I did a quick google search and did find the following research article that stated blood results from a 7 day trial with 18 people showed no adverse effects. Direct quote was "Biochemical analysis showed that TTA administration was not associated with endocrinological disturbances, abnormal blood coagulation, or major changes in serum levels of electrolytes, creatinine, bilirubin, liver enzymes and albumin (data not shown)."

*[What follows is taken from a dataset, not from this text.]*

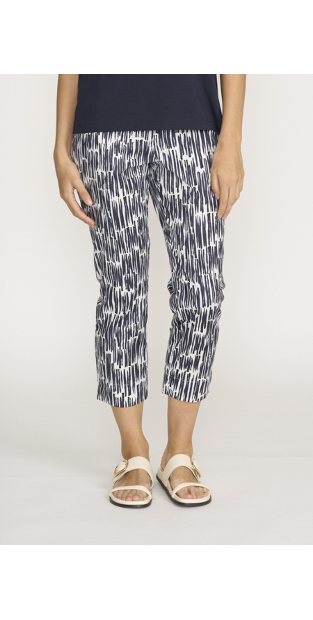 Foil's best-selling Fuss Free Taper Capri Trapeze Print Trousers are the perfect foundation for any look, we love the print and think they look great with tonal linen or lightweight knits. Featuring a mid-rise and elasticated waistband this lightweight design is super comfy, versatile and easy to wear, just simply pull them on and go!

This report can be found at Antiproliferative effects of a non--oxidizable fatty acid, tetradecylthioacetic acid, in native human acute myelogenous leukemia blast cultures

Look at table 4. TTA increases something in blood...

 

[rogermoore]

I just found this:

Tetradecylthioacetic acid a 3-thia fatty acid, is a novel bioactive compound. Besides being an antioxidant, it changes the plasma profile from atherogenic to cardioprotective

Ziad A. Muna, Lise Madsen, and Rolf K. Berge
Department of Clinical Biology, Division of Biochemistry, University of Bergen, Haukeland University Hospital, N-5021 Bergen, Norway

Tetradecylthioacetic acid (TTA) which can not be ß-oxidized, lowers plasma VLDL-triacylglycerol (TG) and LDL-cholesterol (Chol). Increased mitochondrial ß-oxidation with a concomitant decrease in TG synthesis and secretion, seems to be the primary mechanism underlying the hypotriglyceridemic effect not only of TTA but also of w-3 fatty acids as well as fibrates in rats, rabbits, dogs and possibly also in humans. TTA is an inhibitor of HMG-CoA reductase. We have generated results both in vivo and in vitro that present evidence that TTA besides being a lipid lowering agent, also possesses antioxidant properties. First, TTA inhibits the oxidative modification of LDL which is considered as the key step in the formation of foam cells and in initiation and progression of atherosclerotic plaque. Also TTA changes the antioxidant defense system in a beneficial way i.e. glutathion (GSH) is increased, the total antioxidant status is elevated and TBARS are decreased. Second, TTA has an ³olive oil² effect since the plasma was enriched with oleic acid (18:1 n-9) and a ￾9-desaturated metabolite of TTA. This was due to upregulation of the hepatic enzyme ￾9-desaturase gene expression. Third, TTA lowers the plasma homocysteine level and inhibits restenosis. Fourth, TTA reduces the proliferation of smooth muscle cells. In conclusion, TTA is a hypolipidemic drug but also a new antioxidant. This novel bioactive compound is promising as a new therapeutic drug against atherosclerosis as it changes the plasma profile from atherogenic to cardioprotective.

 

[dsade]

Yep...we were reviewing that study last night...good stuff.